### EXTRACTED MATERIAL
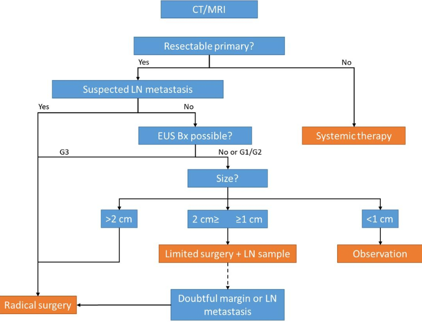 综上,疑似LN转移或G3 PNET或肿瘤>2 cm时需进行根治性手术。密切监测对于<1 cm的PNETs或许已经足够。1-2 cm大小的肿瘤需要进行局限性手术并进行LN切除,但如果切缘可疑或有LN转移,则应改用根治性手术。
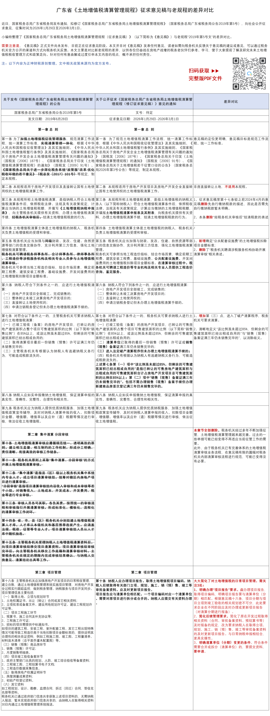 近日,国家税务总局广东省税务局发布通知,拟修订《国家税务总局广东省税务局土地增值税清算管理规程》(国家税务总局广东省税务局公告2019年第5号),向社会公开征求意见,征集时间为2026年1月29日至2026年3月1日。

---

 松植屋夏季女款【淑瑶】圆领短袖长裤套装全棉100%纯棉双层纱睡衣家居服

### DIRECTIONS
Which part of the entries opens with the line containing "综上,疑似LN转移或G3 PNET或肿瘤>2 cm时需进行根治性手术。密切监测对于<1" and closes with the line containing "近日,国家税务总局广东省税务"? Output that part exactly, ends included, pictures excluded.

### WRITTEN SOLUTION
 综上,疑似LN转移或G3 PNET或肿瘤>2 cm时需进行根治性手术。密切监测对于<1 cm的PNETs或许已经足够。1-2 cm大小的肿瘤需要进行局限性手术并进行LN切除,但如果切缘可疑或有LN转移,则应改用根治性手术。
 近日,国家税务总局广东省税务局发布通知,拟修订《国家税务总局广东省税务局土地增值税清算管理规程》(国家税务总局广东省税务局公告2019年第5号),向社会公开征求意见,征集时间为2026年1月29日至2026年3月1日。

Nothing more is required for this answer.